I pose Vulgar Linked Data as an alternative to the infrastructural pattern I call the Cloud Orthodoxy: rather than platforms operated by an informational priesthood, reorienting our public infrastructure efforts to support vernacular expression across heterogeneous #p2p mediums. This piece extends a prior work of mine: Decentralized Infrastructure for (Neuro)science) which has more complete draft of what that might look like.
(I don't think you can pre-write threads on masto, so i'll post some thoughts as I write them under this) /1
As a technology, Knowledge Graphs are a particular configuration and deployment of the technologies of the semantic web. Though the technologies are heterogeneous and vary widely, the common architectural feature is treating data as a graph rather than as tables as in relational databases. These graphs are typically composed of triplet links or "triples" - subject-predicate-object tuples (again, this is heterogeneous) - that make use of controlled vocabularies or schemas.
These seemingly-ordinary data structures have a much longer and richer history in the semantic web.
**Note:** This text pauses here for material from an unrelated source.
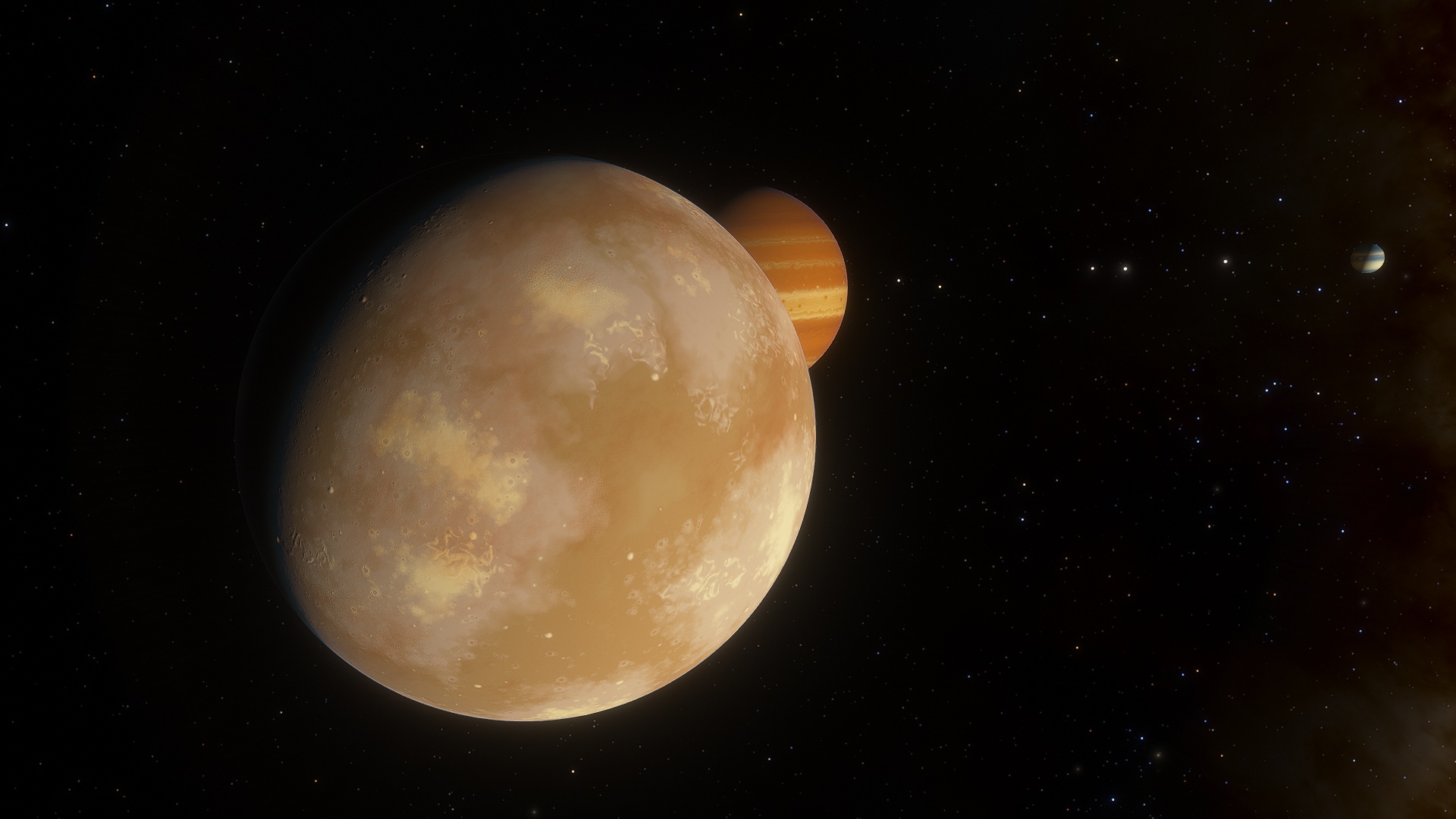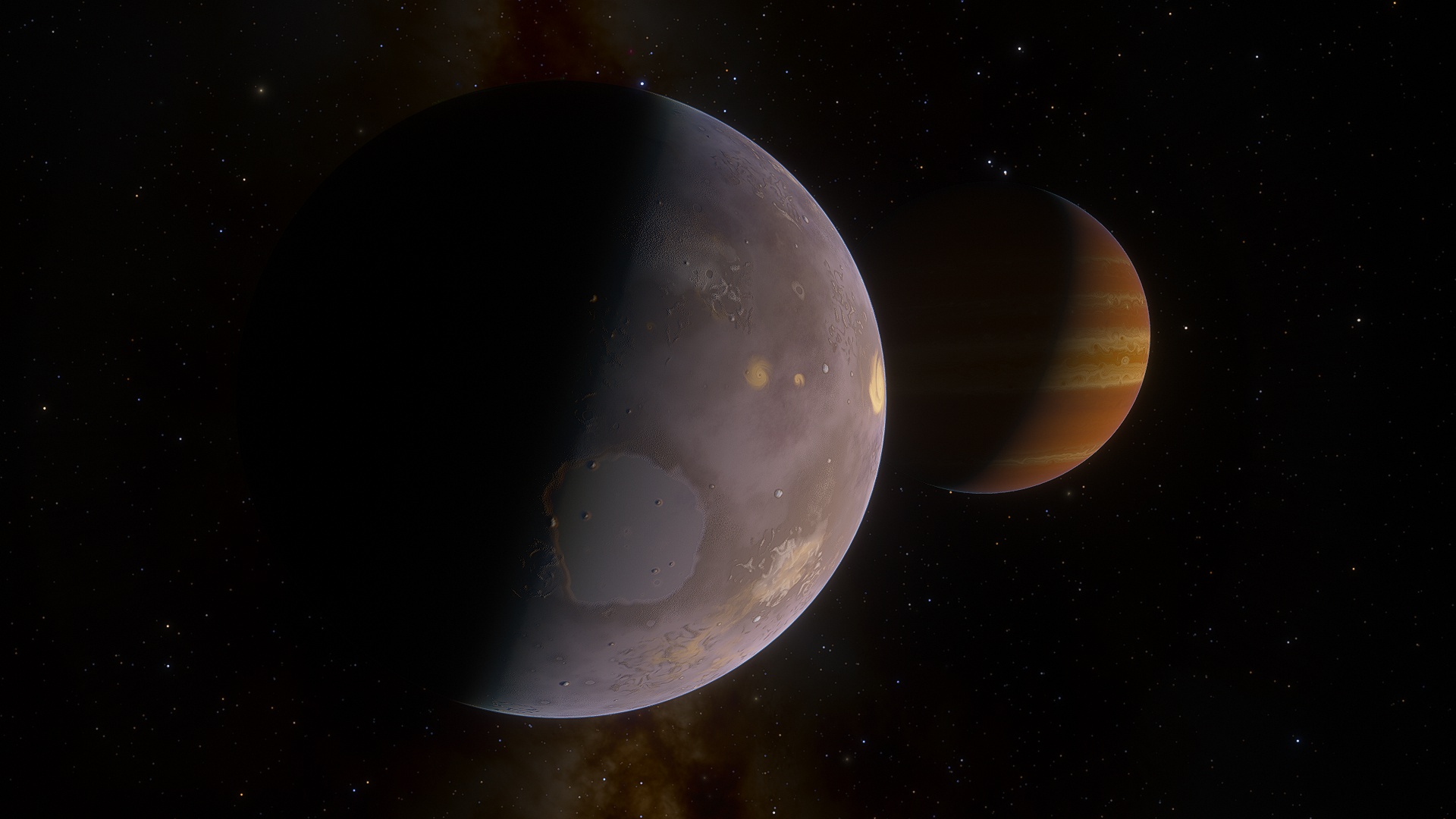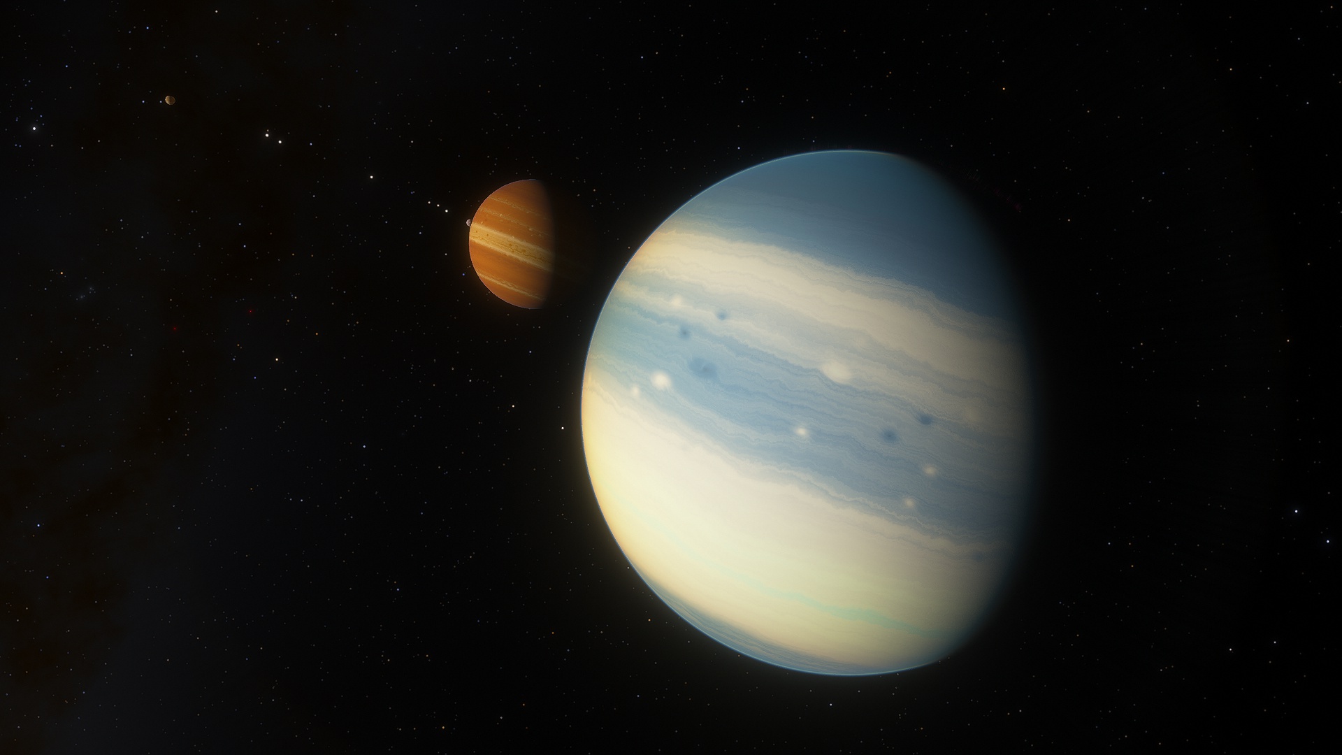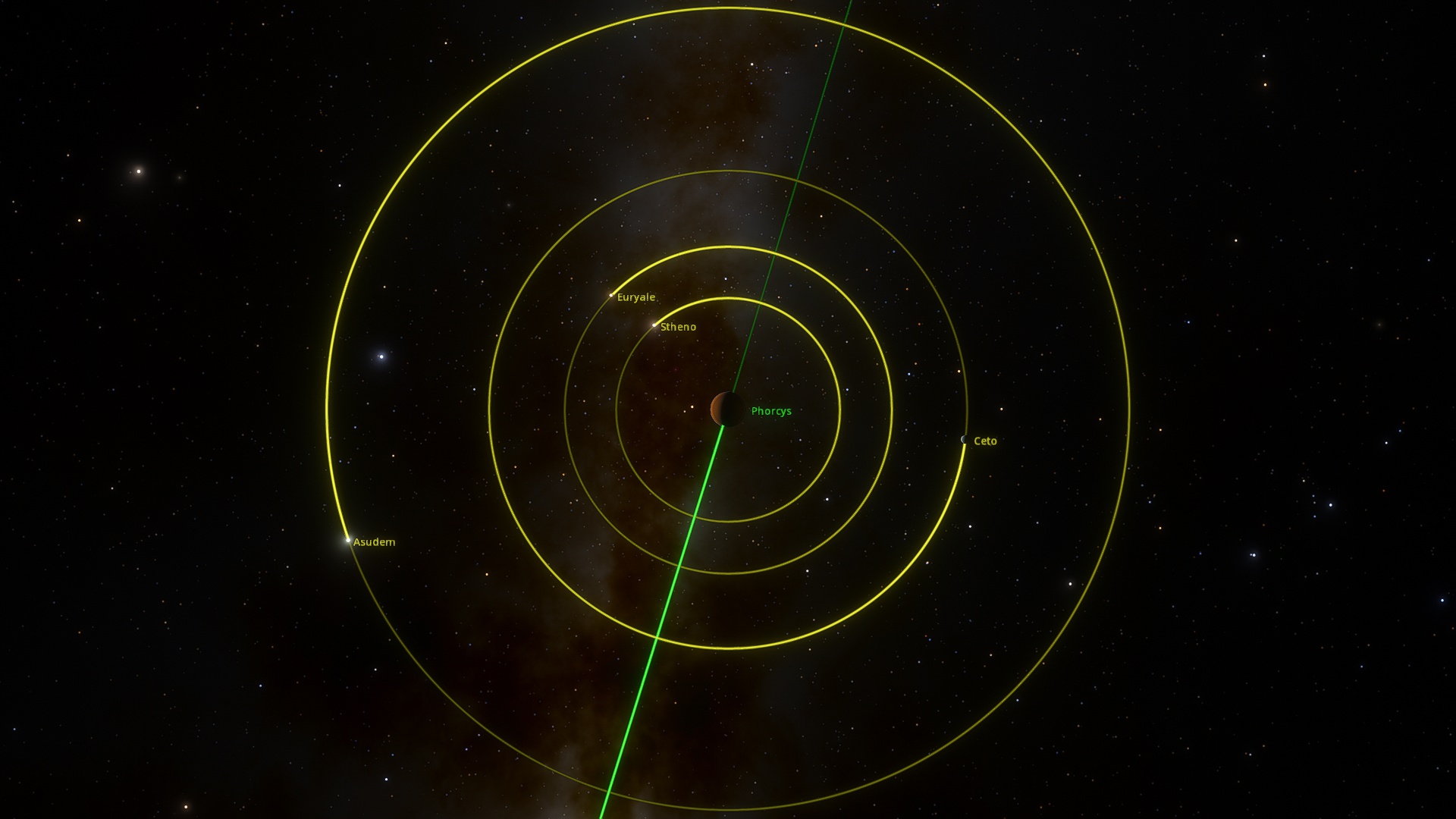 Phorcys in a gas giant in a semi-binary orbit with Ceto, with which it shares three additional moons; Asudem, Stheno and Euryale. While the two bodies do not orbit each other in a truly binary sense, the large size of Ceto tugs on Phorcys as it orbits, causing the latter to wobble and sway as Ceto proceeds around it. While Stheno and Euryale are uninhabitable, Asudem is a moon teaming with life, likely in part to it orbiting far outside of the radiation belt of Phorcys.

Initially, the idea was to supplement the ordinary "duplet" links of the web with triplets to make the then-radically new web of human-readable documents into something that could also be read by computers. The dream was a fluid, multiscale means of structuring information to bypass the need for platforms altogether - from personal to public information, we could directly exchange and publish information ourselves.
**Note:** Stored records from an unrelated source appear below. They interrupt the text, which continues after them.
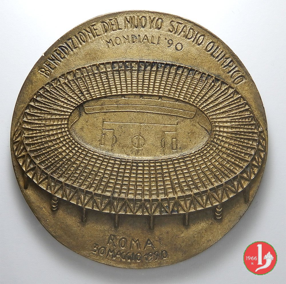 Benedizione Stadio Olimpico Roma 30-05-1990 Dritto: IOANNES PAOLUS II _ PONT. MAX. AN. XII busto a dx con zucchetto, mozzetta d'ermellino e stola sotto: GIANDOMENICO Vista del Nuovo Stadio sotto: ROMA = 30 MAGGIO 1990 | |
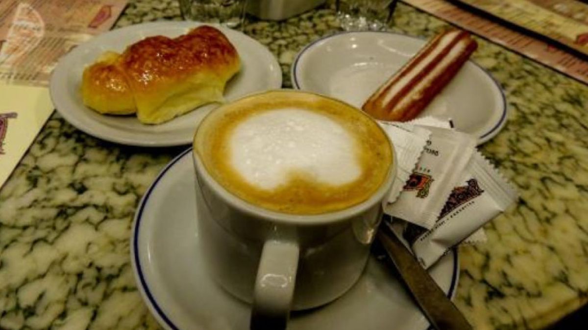 Otra de las opciones más demandadas por los visitantes del Tortoni es el desayuno compuesto por café con leche y dos medialunas, que actualmente cuesta $9.000.
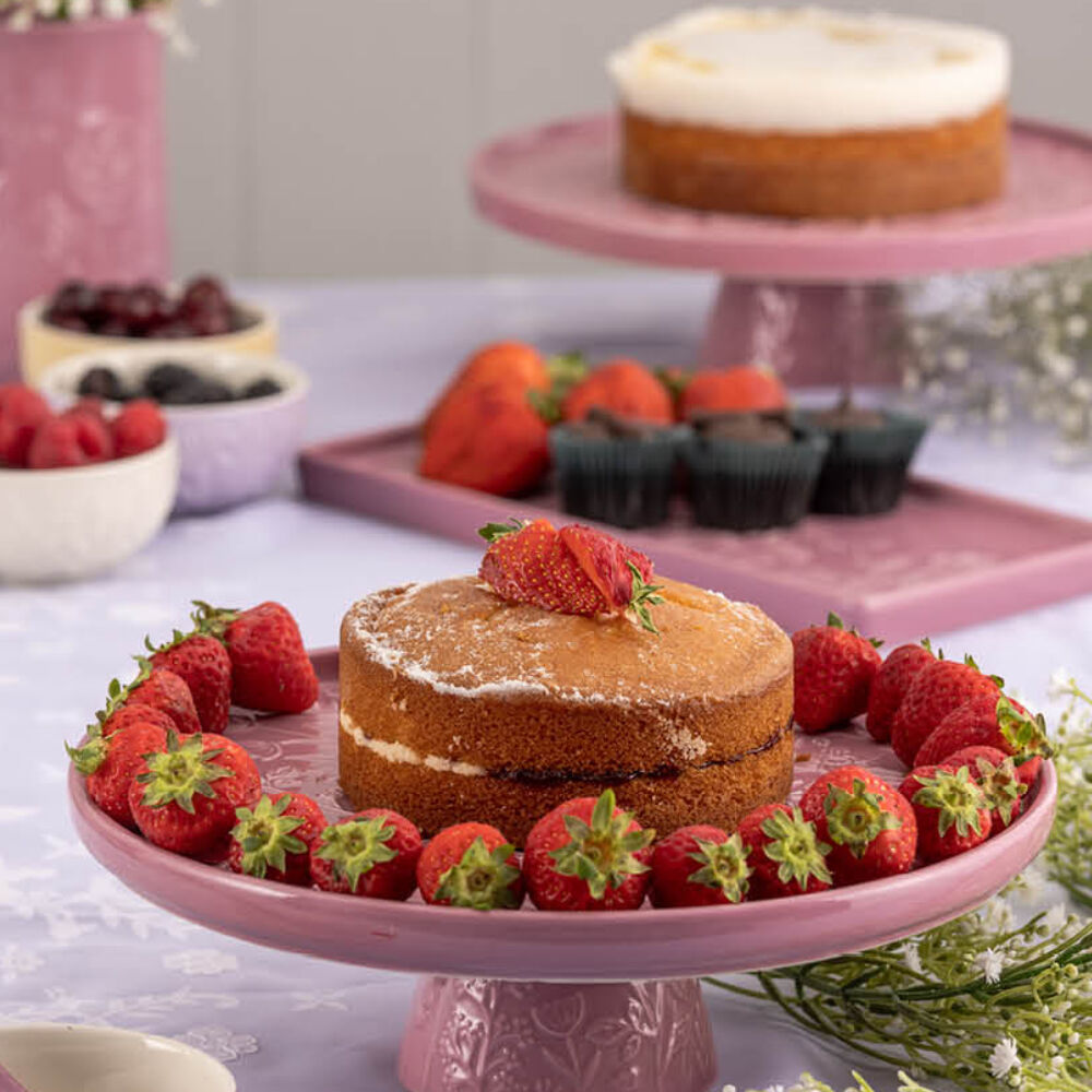 Showcase your bakes in style with the Mason Cash In The Meadow Pink Cake Stand. Made from durable stoneware, it features a soft pink glaze and embossed floral detailing inspired by spring meadows. Perfect for displaying cakes, tarts, or pastries with a touch of charm and elegance.

Needless to say, that didn't happen, and the capture of the web by platforms (with search prominent among them) blunted the idealism of the semantic web.
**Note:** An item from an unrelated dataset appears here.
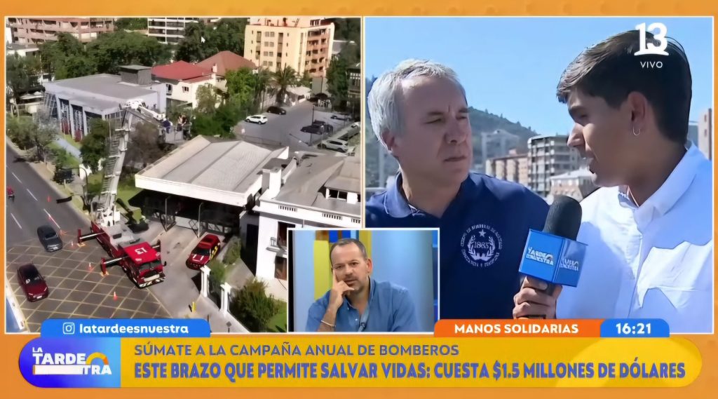 ● También fue importante la aparición, el viernes 17 de octubre, del Comandante del CBS, Giorgio Tromben Marcone, en el espacio “La Tarde es Nuestra”, de Canal 13, con Chantal Aguilar y Alfonso Concha. Esta vez con la particularidad de que el jefe del mando activo fue entrevistado a más de 20 metros de altura, en el canastillo del brazo articulado del MX-13, de la 13ª Compañía “Providencia”. Y su mensaje fue “la necesidad de estos 30 mil nuevos socios colaboradores del Cuerpo nos permitan renovar equipos para atender emergencias como la del 10 de julio pasado, cuando este MX-13 y otros carros con Escalas telescópicas permitieron rescatar más de 100 personas del edificio”.

The essential feature of knowledge graphs that makes them coproductive with surveillance capitalism is how they allow for a much more fluid means of data integration. Most contemporary corporations are data corporations, and their operation increasingly requires integrating far-flung and heterogeneous datasets, often stitched together from decades of acquisitions. While they are of course not universal, and there is again a large amount of variation in their deployment and use, knowledge graphs power many of the largest information conglomerates. The graph structure of KGs as well as the semantic constraints that can be imposed by controlled ontologies and schemas make them particularly well-suited to the sprawling data conglomerate that typifies contemporary surveillance capitalism.
I give a case study in RELX, parent of Elsevier and LexisNexis, among others, which is relatively explicit about how it operates as a gigantic graph of data with various overlay platforms.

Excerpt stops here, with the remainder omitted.